Per Gabriel García Márquez,
un grande amore giovanile poi riconsiderato
Considerate il film. L'ambiente è subito riconoscibile, un Sudamerica immaginario,
al tempo stesso immobile e vorticoso, inchiodato a un destino di morte annunciata. Di cui si poteva solo
provare a fare una cronaca. Forse il
modo migliore per salutare Gabriel García Márquez,
lo scrittore colombiano morto a 87 anni a Città del Messico, è quello di
pensarlo come un cronista, felice e
sconosciuto direbbe lui, di storie che andavano
raccontate. E così anche il peso (a un certo punto probabilmente insostenibile)
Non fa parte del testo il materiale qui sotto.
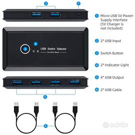 · Interruttore a un pulsante, connessione multiporta: consente uno scambio di pulsanti tra 2 computer per condividere 4 periferiche USB3.0 senza scambiare costantemente cavi o impostare complicati software di condivisione di rete.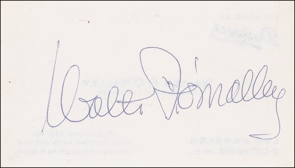 President of the Brooklyn Dodgers. O’Malley was the man responsible for firing Branch Rickey and the team’s unpopular move from New York to Los Angeles. A Walter O’Malley Los Angeles Dodgers business card, 3.5 x 2, signed on the reverse in blue ballpoint by O’Malley. In fine condition, with some mild handling wear. Auction LOA Steve Grad/PSA/DNA and RRAuction COA.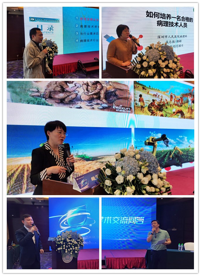中山大学孙逸仙纪念医院病理科侯景辉副主任技师主讲了《现代医院与病理技术的关系》,他指出:病理技术不断革新和持续发展为精准医疗提供了重要的依据,一个高水平的病理科的背后,一定有一支强大的病理技术人员在支撑。病理技术人员需具备一丝不苟的态度、终身学习的态度,精益求精和团结协作的精神。广东省人民医院病理科副主任梅平主任医师讲授了《病理质量管理与病理科管理》,她详细介绍了省人民医院在病理诊断和病理技术中的科学管理、精细化管理的内容,认为病理质量控制实现病理科规范化管理的关键一环。深圳市人民医院病理科颜彬博士围绕《如何培养一名合格的病例技术人员》为大家讲授了深圳市人民医院在病理技术临床规范化培训和病理技术本科实习教学实践方面的经验。她认为:病理乃医学之本,技术是病理之母。病理技术人员的规范化培训的组织和管理明显落后于其他专业,应结合实际工作并借鉴临床病理医师规范培训方案。中元汇吉生物技术股份有限公司病理试剂研发部部长朱俊轩博士讲授了《免疫治疗与病理诊断》。他分别介绍了肿瘤的发现与治疗手段、免疫治疗相关的诊断方法和公司的病理团队介绍。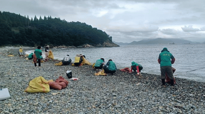이날 16명이 참여하여 해안에서 육지로 밀려온 해양쓰레기를 집중 수거하고 주변 버스정류장을 청소하는 등 깨끗한 관광지 조성에 앞섰다.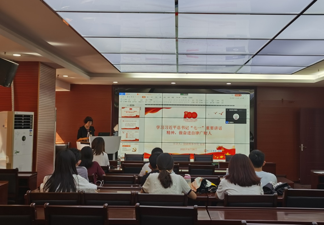 为深入贯彻习近平总书记“七一”重要讲话精神,推动党史学习教育进一步热起来活起来。2021年8月26日,m88党委书记吴瑛以“学习‘七一’重要讲话精神,争做奋进自律广财人”为主题,为全院研究生党员和本科生党员讲授了一堂主旨鲜明、思想深刻、立意高远的党史学习教育专题党课。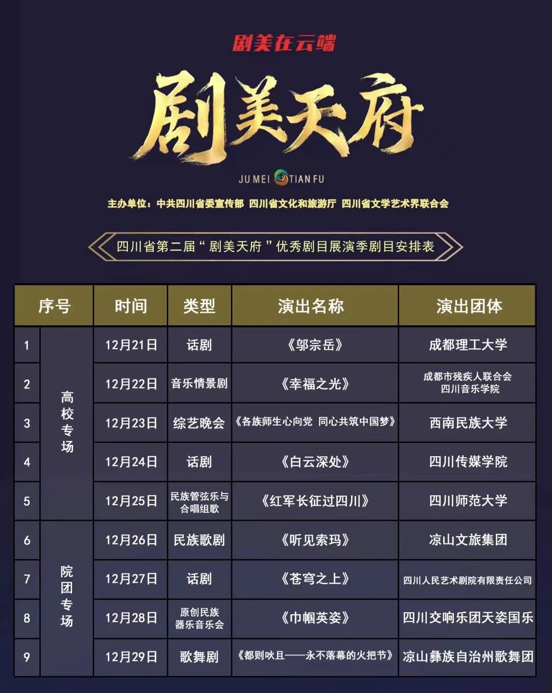 12月21日,由中共四川省委宣传部、四川省文化和旅游厅、四川省文学艺术界联合会主办的四川省第二届剧美天府优秀剧目展演季线上展播活动拉开帷幕,将为广大观众献上11场“云端”演艺盛宴,四川观察客户端将进行同步直播。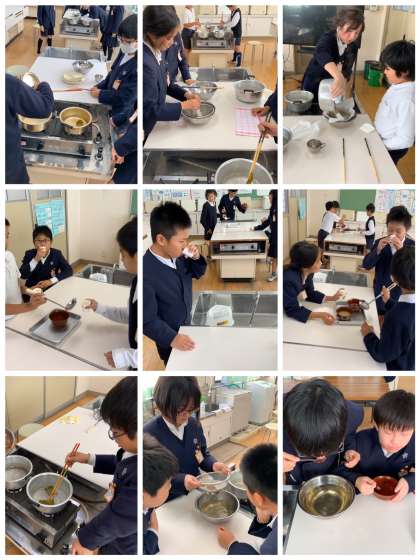 12月18日(水)、5年生の家庭科の授業の様子です。出汁について学習しました。

di un'epopea divenuta iconica, come quella della famiglia Buendia in Cent'anni di solitudine, che, con la sua
forza e il suo successo - che ne hanno fatto un precursore dei global novel del tempo delle profezie
realizzate di Marshall McLuhan - avrebbe potuto schiacciare qualunque autore, è
stato vissuto dal romanziere con quel misto di leggerezza (anche qui chissà se
insostenibile) e rassegnazione, come un
generale che sa di essersi perso nel
suo stesso labirinto.
Nel 1982 il premio Nobel e la consacrazione di un'etichetta
come quella di padre del Realismo magico:
ma anche in quell'occasione il tenace Gabo, ostinatamente politico e memorabile
nelle liti con il liberale Mario Vargas Llosa, la prese con un salutare
distacco. "Il Premio Nobel - disse all'epoca - è qualcosa che è successo
alla Colombia, al Sudamerica, al mondo. Ma qui, in questa casa, noi siamo
sempre gli stessi". Il paese di Macondo, patria e condanna dei Buendia, è
diventato con gli anni uno dei luoghi simbolo della letteratura contemporanea,
ma forse, accanto all'epopea secolare e all'amore in tempi difficili,
il meglio di Gabriel García Márquez restano le opere più
compatte, come i suoi articoli o i saggi (come l’indimenticabile Il fantasma del Nobel) e, nel solco
della storia del suo continente, il piccolo, insuperabile, Nessuno scrive al colonnello. Nell'autunno
di un grande patriarca della scrittura, triste come le sue gaudenti puttane, potrebbe essere questa
la stella polare cui tornare a guardare, per imparare come si racconta.